A Goldilocks economy is
An economy that is not so hot that it causes inflation, and not so cold that it causes a recession. There are no exact markers of a Goldilocks economy, but it is characterized by a low unemployment rate, increasing asset prices (stocks, real estate, etc.), low interest rates, brisk but steady GDP growth and low inflation.
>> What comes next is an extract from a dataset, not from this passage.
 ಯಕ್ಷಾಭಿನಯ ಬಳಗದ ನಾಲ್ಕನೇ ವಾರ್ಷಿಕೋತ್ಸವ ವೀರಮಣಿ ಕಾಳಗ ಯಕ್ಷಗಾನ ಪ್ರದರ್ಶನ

Regulators use fiscal and monetary policy tools to try to create an economy with these conditions. Economic conditions abroad, and regulators’ reactions to them, also influence whether an economy can achieve a Goldilocks state. This state is ideal for investing, because as companies grow, stocks perform well, and in the absence of inflation, bonds will hold their value. If GDP grows too quickly and inflation creeps up too quickly, however, the economy can overheat and a bust can result.
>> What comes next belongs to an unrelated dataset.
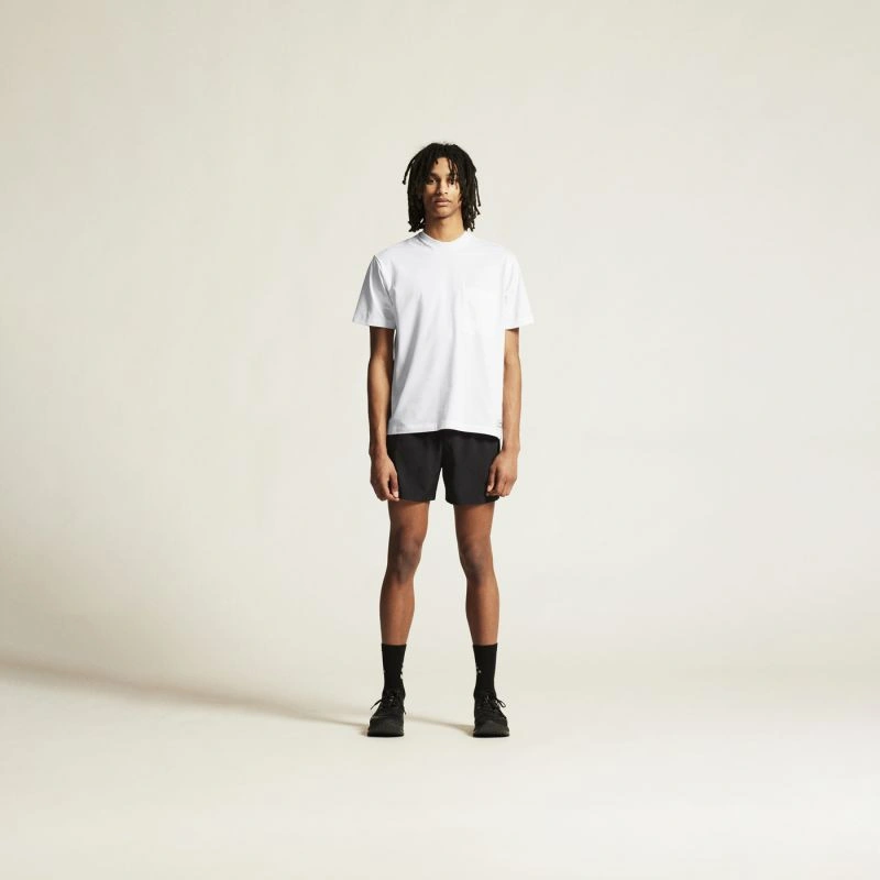 Elastický pas se stahovací šňůrkou Dvě šikmé boční kapsy Vnitřní délka nohavic: cca 12 cm (velikost M) Pravidelný střih Materiál: 100% recyklovaný polyester

The phrase comes from the fairy tale “The Story of the Three Bears“. Similarly to the UK, Hungary may enjoy a Goldilocks economy now… and that may mean a Orbán-era ahead… with a lot of postcommie/leflib whining about “checks and balances” for years to come. I’m looking forward to that. 🙂
The Central Bank of Hungary has published their latest forecast today. CBH expects 0.0% inflation for 2014 (as compared to their 1.3 percent forecast in March) and they increased their GDP growth forecast to 2.9% from 2.1% . The public budget deficit is expected to stay below the 3% Maastricht requirement. They also predict rising employment, decreasing unemployment and a steady real household income increase.
According to the latest poll by Tárki published yesterday, political support haven’t changed much for any of the parties since the EP elections: Fidesz-KDNP is backed by 56% of the decided voters (up from 54%), MSZP has 16% (down from 17%), Jobbik stands at 15% (down from 17%).